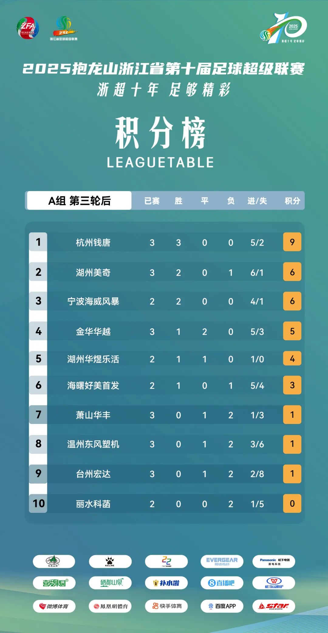 2025浙超联赛A组第三轮 简报
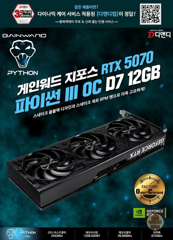 디앤디컴 '게인워드 지포스 RTX 5070 파이썬 III OC' 출시
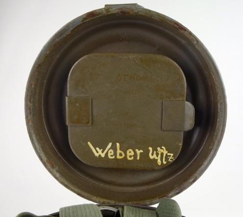 And inside the cannister is dated “1939” and named “Uffz Weber” (NCO) the spring to stretch the gasmask is not included!
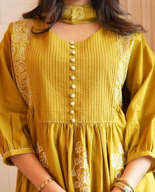 JAAL HAND BLOCK PRINT COTTON SUIT SET WITH CHIFFON DUPATTA(WACFCOTMU04)
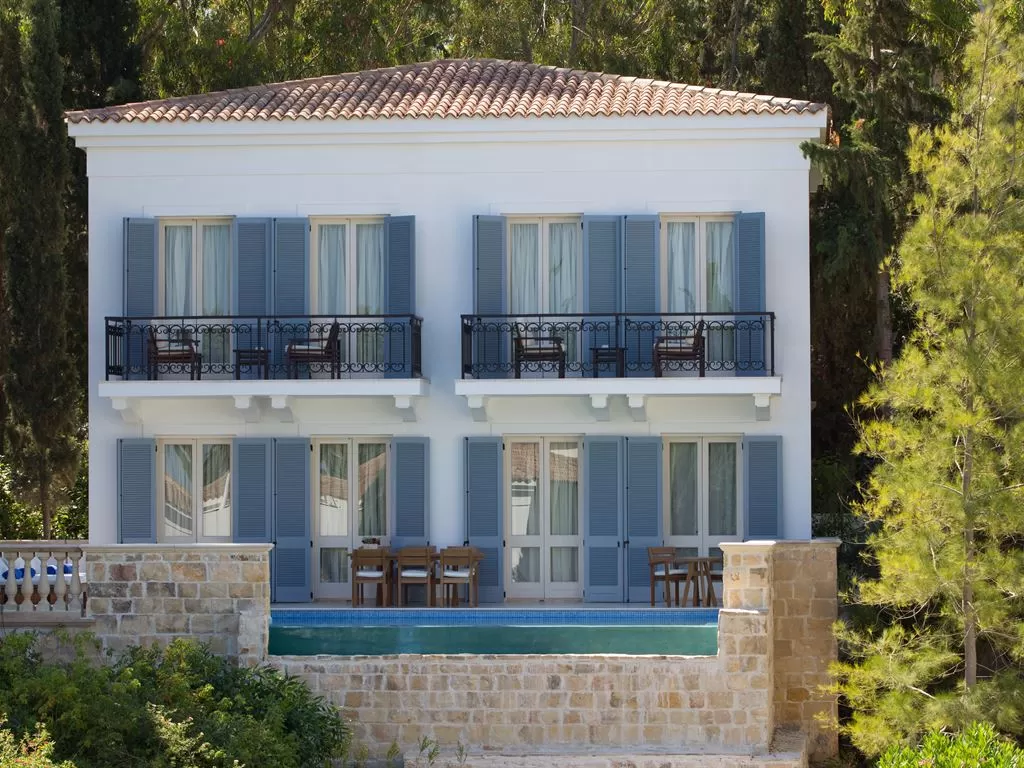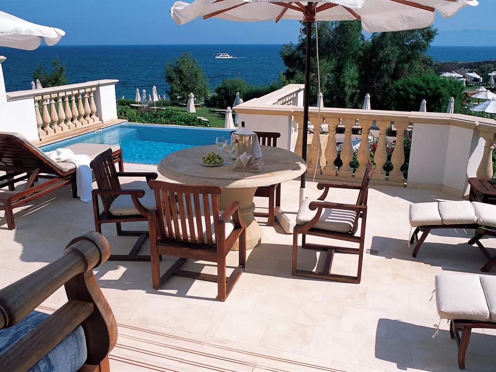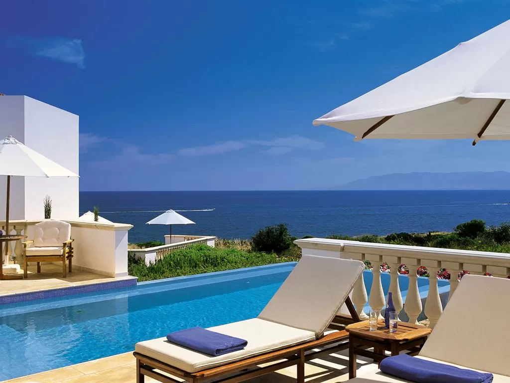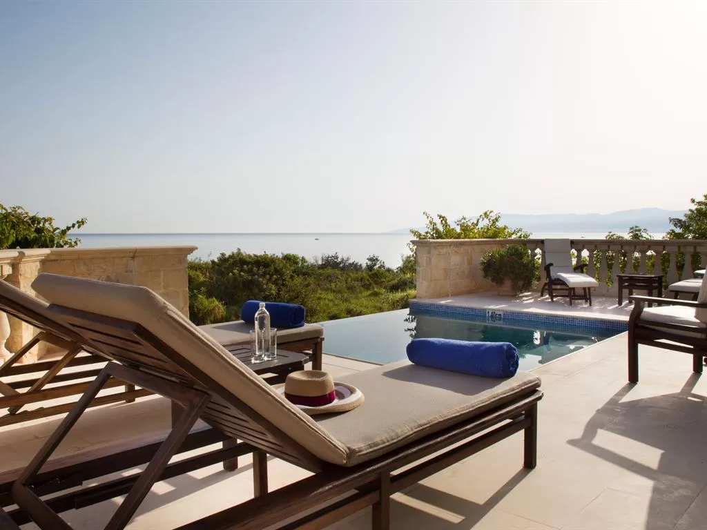 Junior Suite Private Pool. Сьют расположен в главном здании или в саду. Дизайн номера в средиземноморском стиле, просторная гостиная зона, вид на море и терраса с бассейном (~12.8m²; с подогревом зимой). Дополнительно: угощения от шеф-повара.
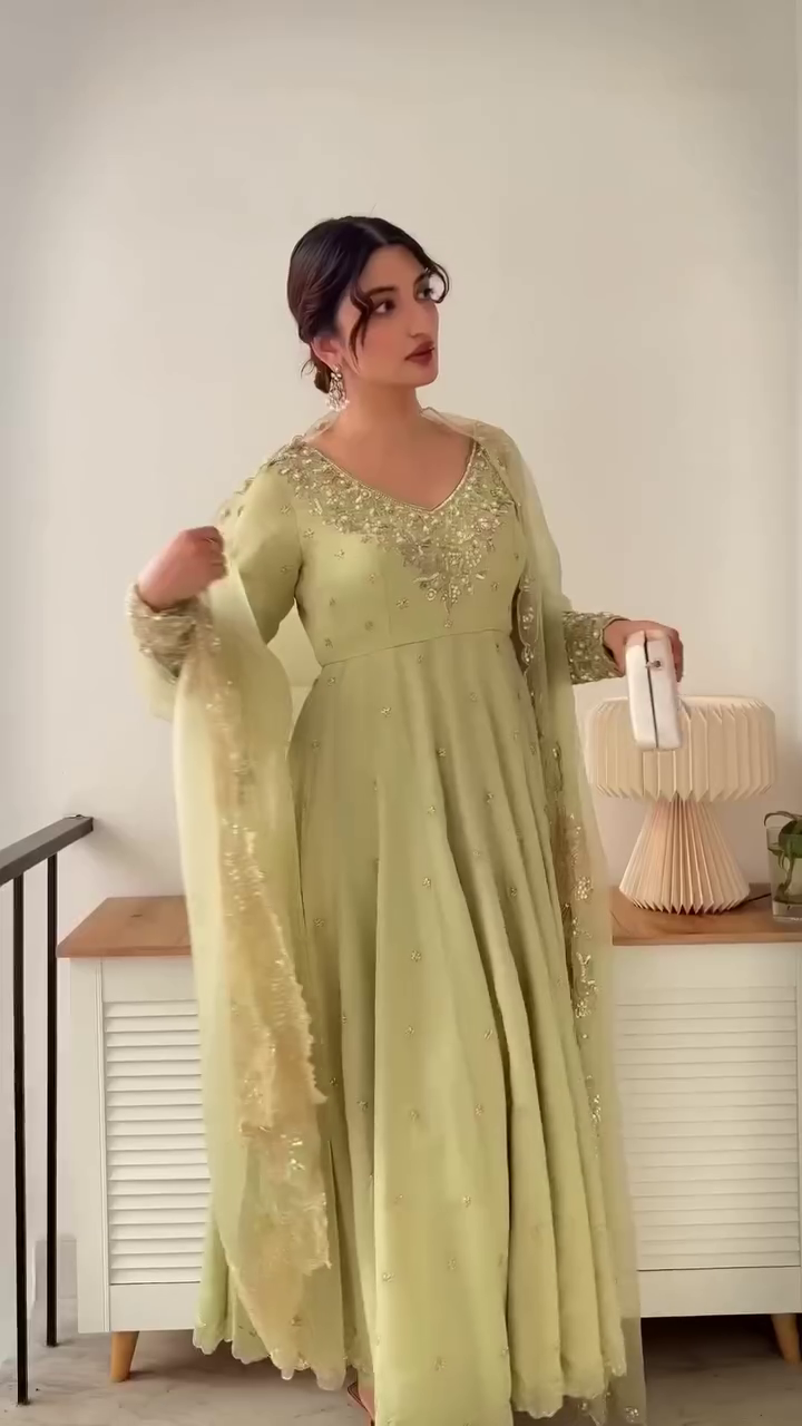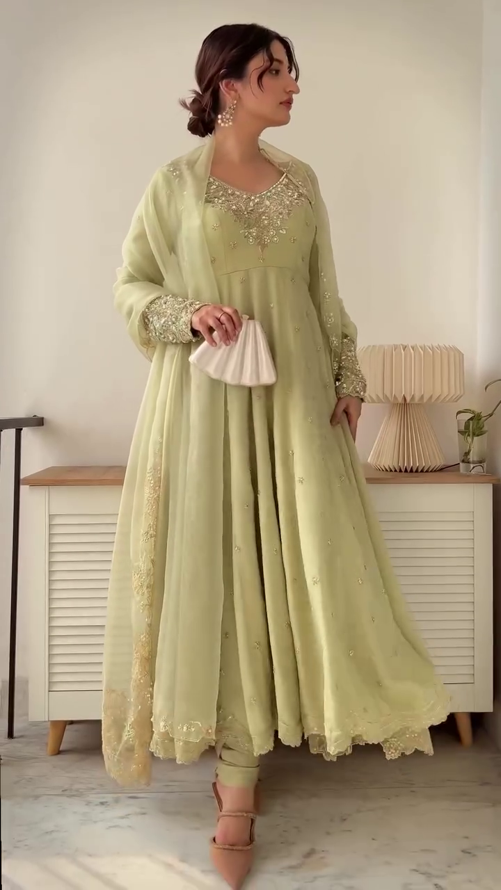 Be the first to review “💫 Ethnic Elegance in Pastel Green with Gold Work 🌸”

[REQUIREMENT]: All lines from the one containing "Junior Suite Private" to the end of the entries should appear in the output exactly as written, with no pictures.

[EXERCISE OUTPUT]:
 Junior Suite Private Pool. Сьют расположен в главном здании или в саду. Дизайн номера в средиземноморском стиле, просторная гостиная зона, вид на море и терраса с бассейном (~12.8m²; с подогревом зимой). Дополнительно: угощения от шеф-повара.
 Be the first to review “💫 Ethnic Elegance in Pastel Green with Gold Work 🌸”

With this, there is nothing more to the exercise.